Arguto dilettante e cinico provocatore, Surkov ha notoriamente coniato il concetto di “democrazia sovrana”, un eufemismo per indicare il carattere sempre più autoritario del governo di Putin. Si posizionò come intellettuale e scrisse due romanzi – a differenza di da Empoli con uno pseudonimo. A Surkov piaceva frequentare pop star e altre celebrità culturali. Ma il suo tentativo di controllare le classi creative della Russia offrendo loro un accordo – “lasciate a noi la politica e potrete fare quello che volete” – si è concluso con le proteste anti-Putin del 2011.

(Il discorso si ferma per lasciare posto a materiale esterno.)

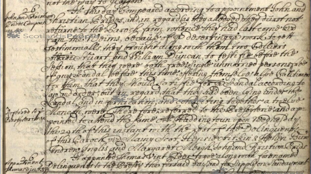 Item. This day compeared according to appointment John and Christian Prides, and, in regard, as they alleged they durst not return to the Paroch from whence they had last come, wiz from the Weims (Wemyss) because of their deserting their work to gett testimonialls they brought along with them two Colliers, Alexder Stuart and William Duncan, to testifie before the Session that they were both Free single unmarried persons, free of any Scandal, before this time, offering themselves alsoe Cautioners for them, that they should satiffie for their Scandal according to law and order, but in regard, that they had been lying under the Scandal, and in fornication, and cohabiting together a
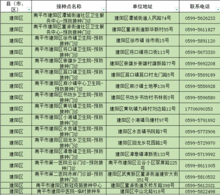 南平市建陽區(qū)新冠病毒疫苗接種點信息

Dal 2013 in poi, Surkov si è occupato della “questione ucraina”. Nel 2019, ha convinto Putin che Volodymyr Zelenskyy, l’inesperto presidente dell’Ucraina, si sarebbe piegato. Ma l’incontro tra Putin e Zelenskyy a Parigi nel dicembre 2019 è stato un fallimento monumentale. Con sorpresa dei russi, il presidente ucraino si è rifiutato di cedere terreno nei negoziati sulla sovranità del suo Paese. Nel 2020, Surkov è stato esiliato dall’Olimpo russo e avrebbe trascorso un periodo agli arresti domiciliari. L’onnipotente stregone del Cremlino non si era dimostrato più consistente del Mago di Oz.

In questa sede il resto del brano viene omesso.